VIII. Interpretasi hasil

Uji kualitatif
1. Reaktif (+) : jika terjadi aglutinasi

2. Non reaktif (-) : jika tidak terjadi aglutinasi

“ catatan ,jika hasil reaktif maka hasil reaksi dilanjutkan ke uji kuantitatif

Uji kuantitatif

3. Positif (+) : Terjadi aglutinasi

4. Negative (-) : tidak terjadi aglutinasi

IX. Pembahasan

Sifilis adalah penyakit yang pada umumnya berjangkit setelah hubungan seksual. Menahun dengan
adanya remisi dan eksaserbasi, dapat menyerang semua organ dalam tubuh terutama system
kardiovasikular, otak dan susunan saraf serta dapat terjadi kongenital. Tehnik pemeriksaan sifilis
yang bisa dilakukan dengan 2 metode. Dua metode tersebut yakni metode mikrobiologi dan
serologi. Uji mikrobiologi yaitu dengan pemeriksaan mikroskopis, sedangkan pada uji serologi yaitu
uji treponema dan non-treponema. Kedua uji serologi tersebut sama-sama untuk mendeteksi
antibodi. Tetapi uji treponema menggunakan antigen yang khusus dari treponema sedangkan non-
treponema menggunakan antigen lain dari treponema atau yang telah dirusak oleh treponema

Uji treponema merupakan uji yang spesifik terhadap sifilis, karena mendeteksi langsung Antibodi
terhadap Antigen Treponema pallidum. Biasanya uji ini digunakan untuk mengkonfirmasi uji non-
treponemal (non spesifik) dan untuk menilai respon bakteri treponemal tersebut.Pada uji
treponemal, sebagai antigen digunakan bakteri treponemal atau ekstraknya, misalnya Treponema
Pallidum Hemagglutination Assay (TPHA),Treponema Pallidum Particle Assay (TPPA), dan Treponema
Pallidum Immunobilization (TPI). Walaupun pengobatan secara dini diberikan, namun uji treponemal
dapat memberi hasil positif seumur hidup.

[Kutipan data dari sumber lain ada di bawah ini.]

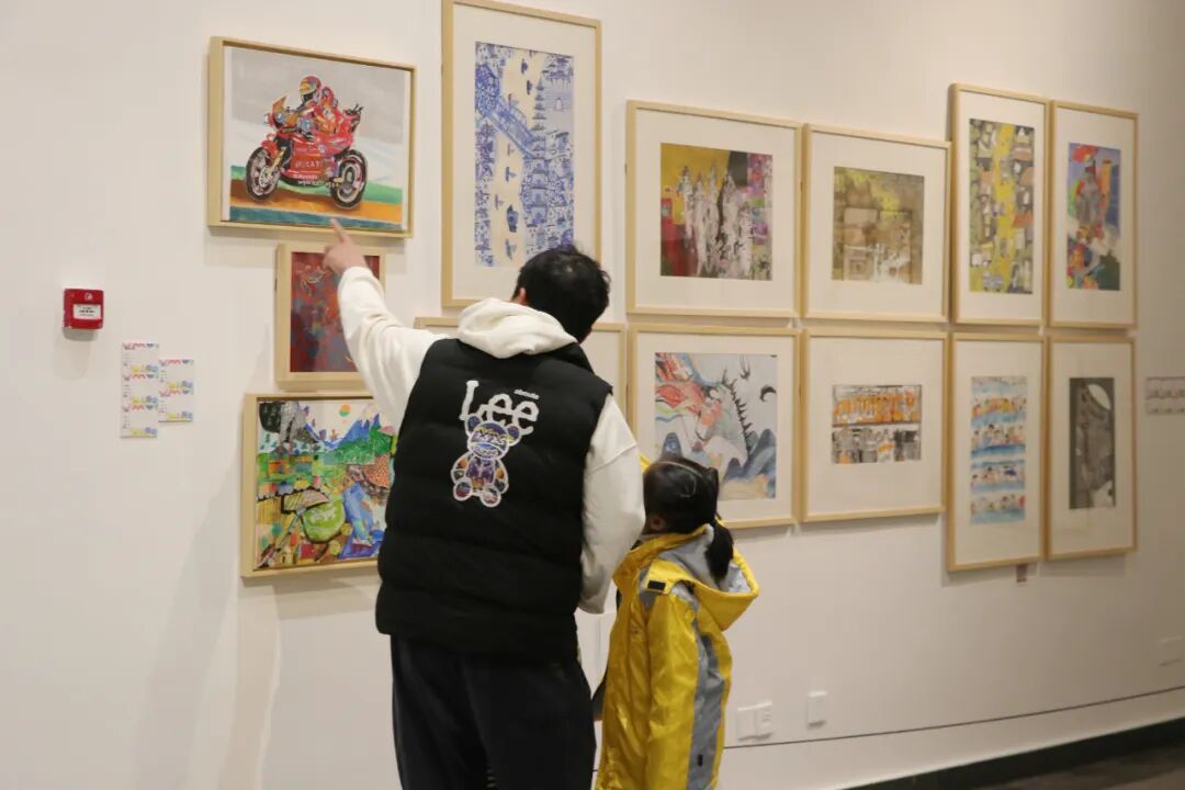 中国美协分党组书记、驻会副主席屈健,福建省文联党组成员、副主席、省美协主席王来文参观浦城美术馆/范迪安美术馆 本次作品题材丰富、形式多样,涵盖国画、油画、水彩画、版画、漆画、综合材料、线描剪纸等多种艺术形式,独特的创意、大胆的色彩搭配和充满童趣的表达,吸引了大批游客前来浦城美术馆/范迪安美术馆参观,成为冬日里一道别样的艺术风景线。 走进展厅,一幅幅充满想象力的作品整齐陈列,瞬间将游客带入孩子们纯真烂漫的艺术世界。有的作品以家乡的山水风光为原型,用细腻的笔触勾勒出田园美景;有的作品聚焦科幻主题,展现出少儿天马行空的创造力;还有的作品描绘了家庭生活的温馨瞬间,传递出满满的爱与温暖,无不体现出孩子们丰富的想象力和灵巧的双手。

Uji non-treponema adalah uji yang mendeteksi antibodi IgG dan IgM terhadap materi-materi lipid
yang dilepaskan dari sel-sel rusak dan terhadap antigen-mirip-lipid (lipoidal like antigen) Treponema
pallidum. Karena uji ini tidak langsung mendeteksi terhadap keberadaan Treponema pallidum itu
sendiri, maka uji ini bersifat non-spesifik. Uji ini akan menjadi negatif 1-4 minggu setelah pertama
kali memberi hasil positif (seiring dengan pengobatan atau menyembuhnya lesi), sehingga hanya
digunakan untuk melihat keberhasilan pengobatan terhadap penyakit sifilis. Uji non-treponemal
meliputi VDRL (Venereal disease research laboratory), USR (unheated serum reagin), RPR (rapid
plasma reagin), dan TRUST (toluidine red unheated serum test).